- _WHAT TO WORK ON_: Please give every line below again exactly, but not its pictures.

- _GIVEN INFORMATION_:
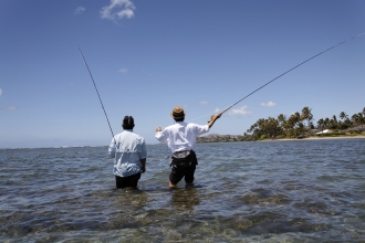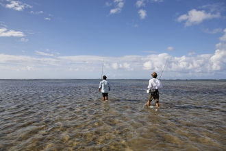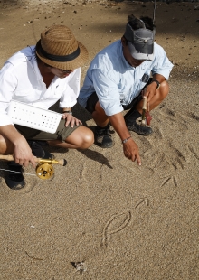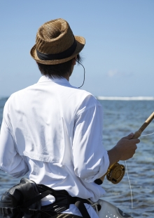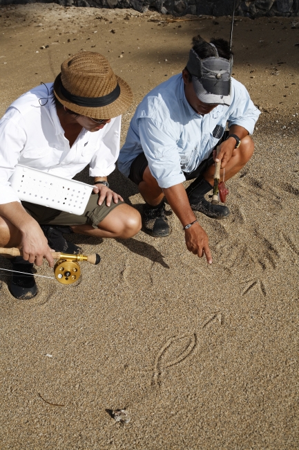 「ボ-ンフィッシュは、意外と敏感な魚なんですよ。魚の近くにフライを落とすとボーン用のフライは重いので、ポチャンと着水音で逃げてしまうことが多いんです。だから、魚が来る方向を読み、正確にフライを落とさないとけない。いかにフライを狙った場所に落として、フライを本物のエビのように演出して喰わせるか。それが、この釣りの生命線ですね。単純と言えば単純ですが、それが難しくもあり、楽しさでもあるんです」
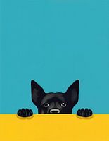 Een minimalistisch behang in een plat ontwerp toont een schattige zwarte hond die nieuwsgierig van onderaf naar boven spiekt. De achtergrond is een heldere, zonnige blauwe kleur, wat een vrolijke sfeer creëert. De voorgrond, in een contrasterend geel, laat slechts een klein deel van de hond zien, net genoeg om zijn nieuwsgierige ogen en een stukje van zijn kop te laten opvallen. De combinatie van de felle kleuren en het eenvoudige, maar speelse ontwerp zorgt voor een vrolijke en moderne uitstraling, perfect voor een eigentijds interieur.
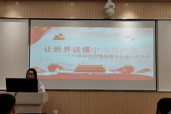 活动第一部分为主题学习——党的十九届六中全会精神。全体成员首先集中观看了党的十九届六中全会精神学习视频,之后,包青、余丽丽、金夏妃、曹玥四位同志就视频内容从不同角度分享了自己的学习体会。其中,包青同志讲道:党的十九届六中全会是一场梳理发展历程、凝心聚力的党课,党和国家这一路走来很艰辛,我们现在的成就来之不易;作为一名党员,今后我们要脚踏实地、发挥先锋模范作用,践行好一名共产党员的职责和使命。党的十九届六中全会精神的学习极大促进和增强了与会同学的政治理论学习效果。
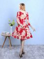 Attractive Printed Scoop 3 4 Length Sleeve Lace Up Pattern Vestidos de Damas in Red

- _RESPONSE BELOW_:
 「ボ-ンフィッシュは、意外と敏感な魚なんですよ。魚の近くにフライを落とすとボーン用のフライは重いので、ポチャンと着水音で逃げてしまうことが多いんです。だから、魚が来る方向を読み、正確にフライを落とさないとけない。いかにフライを狙った場所に落として、フライを本物のエビのように演出して喰わせるか。それが、この釣りの生命線ですね。単純と言えば単純ですが、それが難しくもあり、楽しさでもあるんです」
 Een minimalistisch behang in een plat ontwerp toont een schattige zwarte hond die nieuwsgierig van onderaf naar boven spiekt. De achtergrond is een heldere, zonnige blauwe kleur, wat een vrolijke sfeer creëert. De voorgrond, in een contrasterend geel, laat slechts een klein deel van de hond zien, net genoeg om zijn nieuwsgierige ogen en een stukje van zijn kop te laten opvallen. De combinatie van de felle kleuren en het eenvoudige, maar speelse ontwerp zorgt voor een vrolijke en moderne uitstraling, perfect voor een eigentijds interieur.
 活动第一部分为主题学习——党的十九届六中全会精神。全体成员首先集中观看了党的十九届六中全会精神学习视频,之后,包青、余丽丽、金夏妃、曹玥四位同志就视频内容从不同角度分享了自己的学习体会。其中,包青同志讲道:党的十九届六中全会是一场梳理发展历程、凝心聚力的党课,党和国家这一路走来很艰辛,我们现在的成就来之不易;作为一名党员,今后我们要脚踏实地、发挥先锋模范作用,践行好一名共产党员的职责和使命。党的十九届六中全会精神的学习极大促进和增强了与会同学的政治理论学习效果。
 Attractive Printed Scoop 3 4 Length Sleeve Lace Up Pattern Vestidos de Damas in Red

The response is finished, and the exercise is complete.